Using ATM technology, networks today can establish dedicated links
between nodes. These links can be created as needed and can create
high-throughput connections between nodes. Currently, there are no
call control procedures for the establishment and clearing of ATM
on-demand connections over MPLS.
[0006] As noted above, an MPLS network consists of MPLS switches
serving as LERs and LSRS and provides connection services for the
establishment of MPLS connections. To establish on-demand ATM
connections, ATM connection information needs to be exchanged
between its call control peers or between two communicating ATM
nodes. In ATM networks, ATM signalling protocols are used to
exchange ATM connection information between call control peers or
nodes.
[0007] One major feature of MPLS is the unidirectional nature of
its connections. Forwarding of a traffic flow is determined by the
label attached to a data transfer unit. Since label assignment in
one direction is not associated with the reverse direction, there
is no indication as to the original source of the data transfer
unit.
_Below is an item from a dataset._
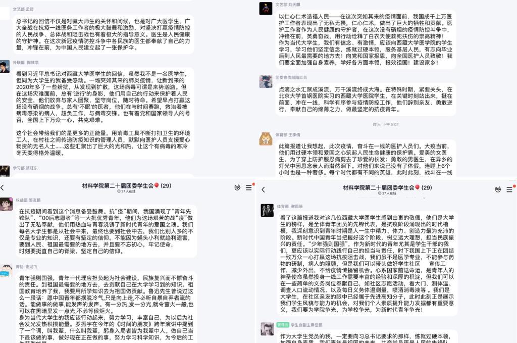 據悉,材料學院將繼續開展線上交流研討活動,引導全院學生深入學習領悟習近平總書記對防疫工作的各項指示,在舉國上下抗擊疫情的關鍵時刻,把總書記的真摯囑托內化于心、外化于行,奉獻自己的青春力量,練就過硬本領造福人民群眾,肩負起新時代青年應有的使命和擔當。
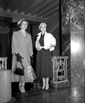 Miss Olive Filteau, left, is president of Desk and Derrick Club here, and Miss Noreen Allison, vice president. Two woman wearing dresses standing up.

A destination node therefore cannot be determined from where
traffic flow originated. Also, since in a uni-directional system
the routing is label based, a route used by one data transfer unit
may be different from a route used by a second data transfer unit
even if both data transfer units originated from the same source
and are heading to the same destination. This feature of the MPLS
standard renders it quite difficult to set up an ATM style
connection between two nodes. Furthermore, this feature renders any
"link" between nodes across an MPLS domain as a unidirectional
link. Coordinating control signals between two nodes is, again,
rendered difficult.
[0008] From the above, what is therefore required is a solution
which will allow ATM connections to be established across domains
implementing the MPLS standard.
[0009] It should be noted that the term data transmission unit
(DTU) will be used in a generic sense throughout this document to
mean units through which digital data is transmitted from one point
in a network to another. Thus, such units may take the form of
packets, cells, frames, or any other unit as long as digital data
is encapsulated within the unit. Thus, the term DTU is applicable
to any and all packets and frames that implement specific
protocols, standards or transmission schemes. It should also be
noted that the term digital data will be used throughout this
document to encompass all manner of voice, multimedia content,
video, binary data or any other form of data or information that
has been digitized and that is transmitted from one point in a
network to another as a payload of a data transmission unit.
SUMMARY OF THE INVENTION
[0010] The present invention meets the above need by providing
methods and apparatus for establishing connections between network
nodes across an MPLS domain. A data receive node transmits to a
data transmit node the service label that the data receive node
expects to receive embedded in data transfer units originating from
the data transmit node. Any DTU that has this service label and is
received by the data receive node will therefore be treated and
considered by this data receive node as originating from the data
transmit node.
[0011] In one aspect, the present invention provides a method of
establishing a bi-directional data transfer connection between a
first node and a second node across a domain which only allows
unidirectional data flow, the method comprising:
[0012] a) sending a setup message from the first node to the second
node, said setup message containing a first connection service
label for a backward direction of data flow, said backward
direction being from said second node to said first node;
[0013] b) receiving said setup message at said second node and
reserving said first connection service label for digital data
being sent from said second node to said first node;
[0014] c) sending a response message from the second node to the
first node, said response message containing a second connection
service label for a forward direction of data flow, said forward
direction being from said first node to said second node; and
[0015] d) receiving said response message at said first node and
reserving said second connection service label for data being sent
from said first node to said second node, wherein
[0016] for forward data transmission in said forward direction,
data transfer unit for said forward data transmission will be
labelled with said second connection service label and for a
backward data transmission in said backward direction, data
transfer units for said backward data transmission will be labelled
with said first connection service label.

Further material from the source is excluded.